À Westminster, les prix ont baissé de 25 % ; à Kensington et Chelsea, 15 %. Ces chutes commencent à se répercuter sur d’autres arrondissements ainsi que sur les banlieues verdoyantes.

Avec ce genre de baisse des prix, les logements vont tomber en grand nombre sous le seuil de 2 millions de livres sterling. Les inspecteurs devront constamment modifier les évaluations et certains propriétaires devront se retourner chaque année devant les tribunaux pour tenter d'obtenir la suppression de la taxe.

Finalement, la taxe ne rapportera de toute façon que des sommes minimes. L’OBR a déjà revu à la baisse ses prévisions concernant le montant des revenus qu’il générera, passant de 400 millions de livres sterling au cours de sa première année à 435 millions de livres sterling d’ici 2030-2031.

Mais il a également averti que les recettes diminueraient de 370 millions de livres sterling avant avril 2028 en raison de la réduction des droits de timbre, de l’impôt sur les plus-values ​​et des recettes des droits de succession à mesure que les ménages vendaient ou réduisaient leurs effectifs.

En d’autres termes, une fois tous les coûts pris en compte, la taxe d’habitation pourrait ne pas rapporter d’argent du tout.

Tous ces inspecteurs coûteux, bénéficiant de généreuses indemnités de congés et de pensions dorées du secteur public qui resteront à jamais dans les livres du gouvernement, auront été employés pour absolument rien.

Ce ne sont que des détails pratiques. Le gouvernement doit encore s’attaquer aux problèmes moraux.

Quel effet cela aura-t-il sur les propriétaires âgés, par exemple, qui ne seront peut-être pas en mesure de vendre une grande maison, mais qui n'auront pas non plus les moyens de payer l'impôt supplémentaire sur celle-ci ?

Sera-t-il capable de faire face à l’inévitable réaction politique ?

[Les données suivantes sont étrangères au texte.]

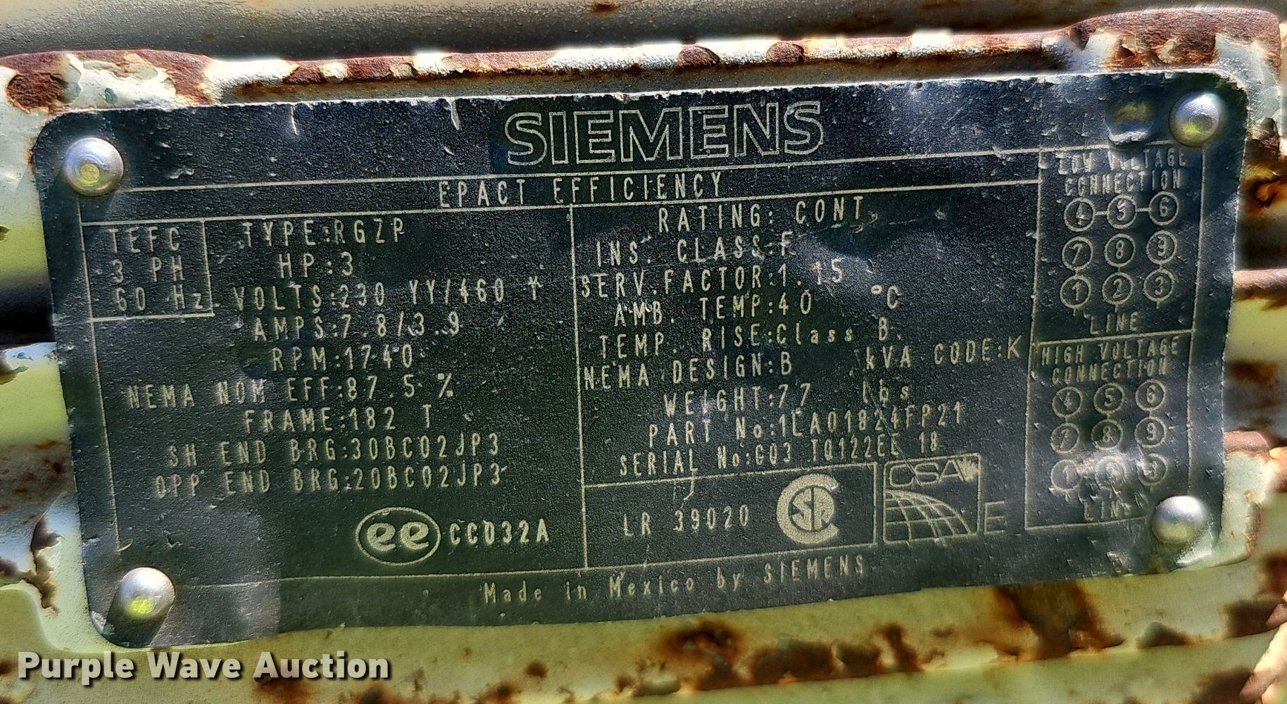 Purple Wave is selling a used Screen or Screening Plant in Nebraska. This item is a screen with the following: Siemens RGZP, HP: 3, Volts: 230, Phase: Three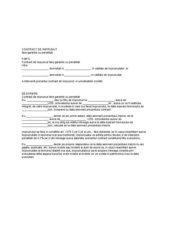 Model Contract De Imprumut Intre Persoane Fizice Si Juridice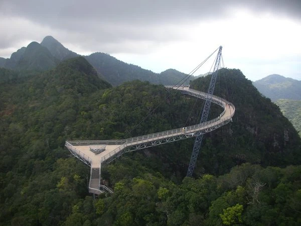 Le Sky Bridge de Langkawi en Malaisie est une prouesse architecturale audacieuse et spectaculaire, suspendue à six cent soixante mètres d'altitude au sommet du mont Mat Cincang. Ce pont haubané incurvé de cent vingt-cinq mètres offre des panoramas à trois cent soixante degrés absolument époustouflants sur la mer d'Andaman et les îles environnantes, allant jusqu'à la Thaïlande par temps clair.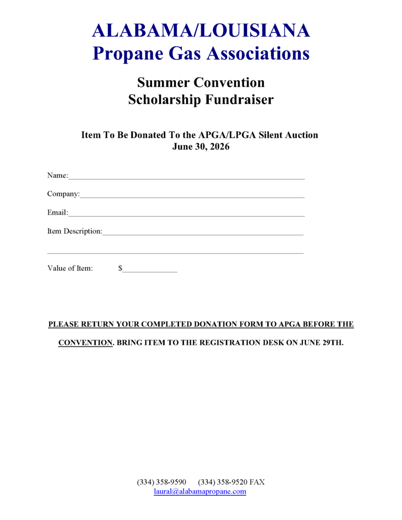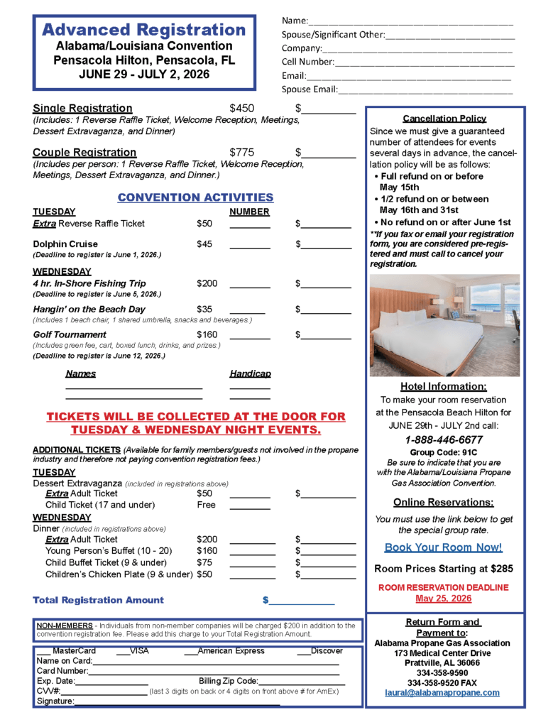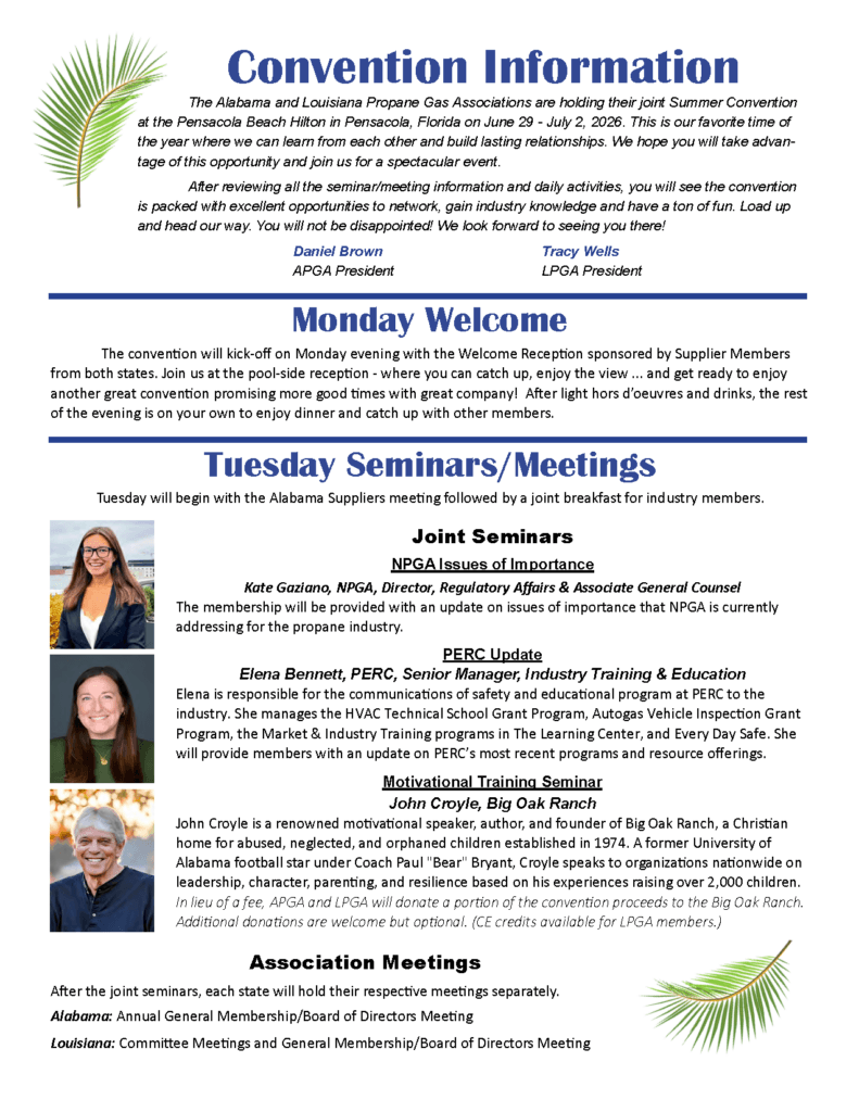 Please download the brochure at the link below for all information regarding schedules, tickets, extra activities, and hotel reservations. If you have any questions, don’t hesitate to contact Laural Bunn (laural@alabamapropane.com) at the APGA Office.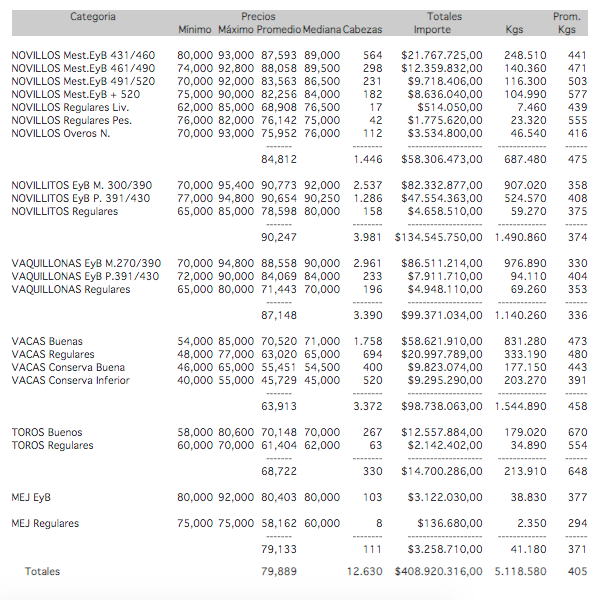 MercadosCierre mercado de hacienda 17 de diciembre de 2019FacebookTwitterWhatsAppTelegramEmailImpresión PRECIOS DEFINITIVOS POR CATEGORIA PARA EL MARTES 17/12/2019MERCADO DE LINIERSMás información agropecuaria cliqueá aquí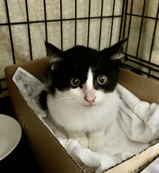 | 特徴(性格など) | ハチワレでカギ尻尾の赤ちゃん猫です。 とっても人懐っこい甘えん坊の男の子。 今は爪を出すようなこともありません。 ごはんもよく食べ元気です‼︎ 愛情たっぷりで育ててくれる家族を探しています‼︎ |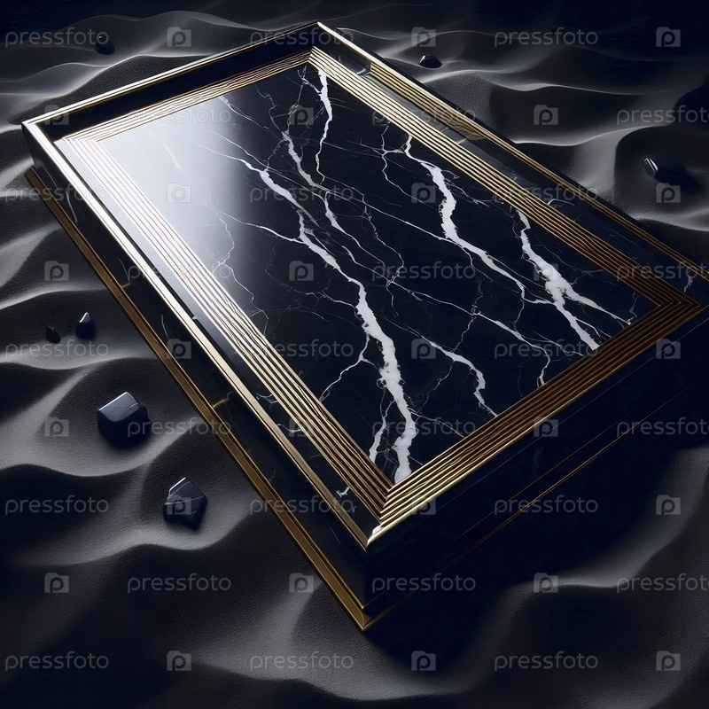 Большой прямоугольный макет подноса, вырезанный из черного мрамора с тонкими инкрустированными золотыми линиями, изолированный на кровати из чёрного песка, Ai создал изображение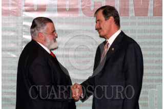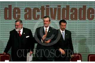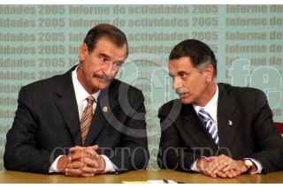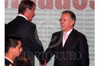 MEXICO, D.F., 22FEBRERO2006.- Vicente Fox, Presidente de la Republica y Carlos María Abascal, Secretario de Gobernación, durante el informe de labores 2005 del titular de la CNDH, en los Pinos. FOTO: Diego Gallegos/CUARTOSCURO.COM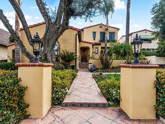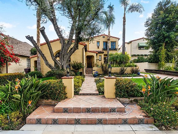 Built during the golden age of Hollywood and located in the coveted Rossmoyne neighborhood, this magical 1930 Spanish Revival Stunner is steeped in incredible vintage details. A lush green courtyard welcomes you onto the property and ushers you through an immaculately inlayed entry door. Coved ceilings, exposed beams and exquisite period features delight the eye at every turn. Beautifully maintained wood windows beckon the outside in throughout each room of the house. A romantic primary bedroom is anchored by a gorgeously tiled en suite bath. 3 more bedrooms and 2 additional baths round out the ideal layout. The galley kitchen and quaint breakfast nook open into a light-filled family room with views into the back yard. Bask in LA's golden hour from the saltwater pool and spa. Host your friends and family on your saltillo tiled patio with multiple seating areas. Two car garage with custom doors, dual zone HVAC, copper plumbing, updated 200 amp electrical panel, etc. Welcome home to your sanctuary in the city.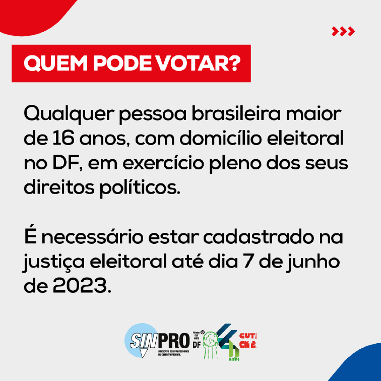 Se você tem 16 anos ou mais, está em exercício pleno dos seus direitos políticos e tem domicílio eleitoral no DF, você está apto(a) a votar.

Et étant donné que les 10 % des salariés les plus riches paient déjà 60 % de tous les impôts sur le revenu collectés en Grande-Bretagne, comment cela peut-il justifier encore plus d’impôts sur des personnes qui paient déjà la majeure partie de ce que fait l’État ?

Et si la taxe coûte plus cher à mettre en œuvre qu’elle n’apporte de recettes, comme ce sera presque certainement le cas, comment peut-elle justifier la ponction sur les finances publiques à un moment où le déficit devient déjà incontrôlable ?

La taxe n'est pas encore entrée en vigueur. Mais cela tourne déjà au désastre.